By Frances Yoon and Anna Isaac 

S&P 500 futures rose, alongside most European stock indexes, as investors weighed the impact of rising U.S.-China trade tensions against signs that economic activity is gathering steam.

U.S. futures contracts tied to the S&P 500 rose 0.6% Wednesday.

European stocks also ticked higher. The pan-continental Stoxx Europe 600 rose 0.4%, joined in positive territory by London's FTSE 100 and other regional indexes.

The yield on the benchmark 10-year U.S. Treasury fell to 0.685% from 0.697% Tuesday.

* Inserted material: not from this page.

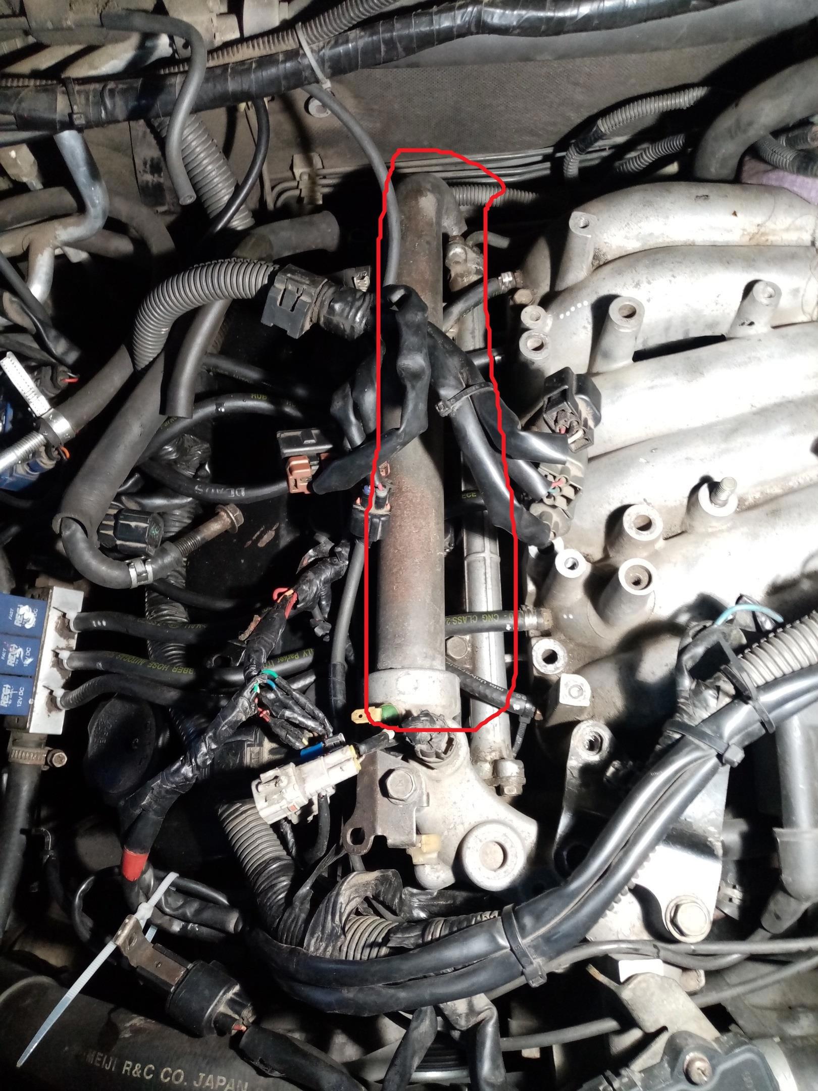 В среду у меня был опять Mitsubishi Montero. Ибо в прошлый раз не устранили течь антифриза. Начали его исследовать. В развале цилиндров двигателя Монтеро проходит трубка охлаждения, которая входит в головки цилиндров позади двигателя, сама трубка Г-образная, а входит она в вот такую трубку - [ в форме скобки. И собрано всё это на резиновых колечках. Заводим его, греем, смотрю в зеркало с фонариком за мотором, и вижу что по стыку скобки и г-трубки течет. Опять снимаю впуск (на опыте снял за 20 минут), доставю эту трубку, которая зафиксирована болтом позади правой головки, откручиваю отвод от помпы, в который г-образная трубка вставлена спереди, и извлекаю всё это безобразие на свет Божий.

The Dow Jones Industrial Average climbed more than 500 points Tuesday, as trading resumed after the three-day holiday weekend. Restaurant bookings and spending on hotels and airlines appear to be picking up in the U.S., coinciding with a decline in the daily number of new coronavirus infections.

Japan's Nikkei 225 gained 0.7% Wednesday, while Australia's S&P/ASX 200 and South Korea's Kospi Composite were little changed. China's Shanghai Composite drifted 0.3% lower.

Steve Englander, head of North America macro strategy and Group of 10 currencies at Standard Chartered Bank, said investors were buying back assets that they sold off at the height of the pandemic.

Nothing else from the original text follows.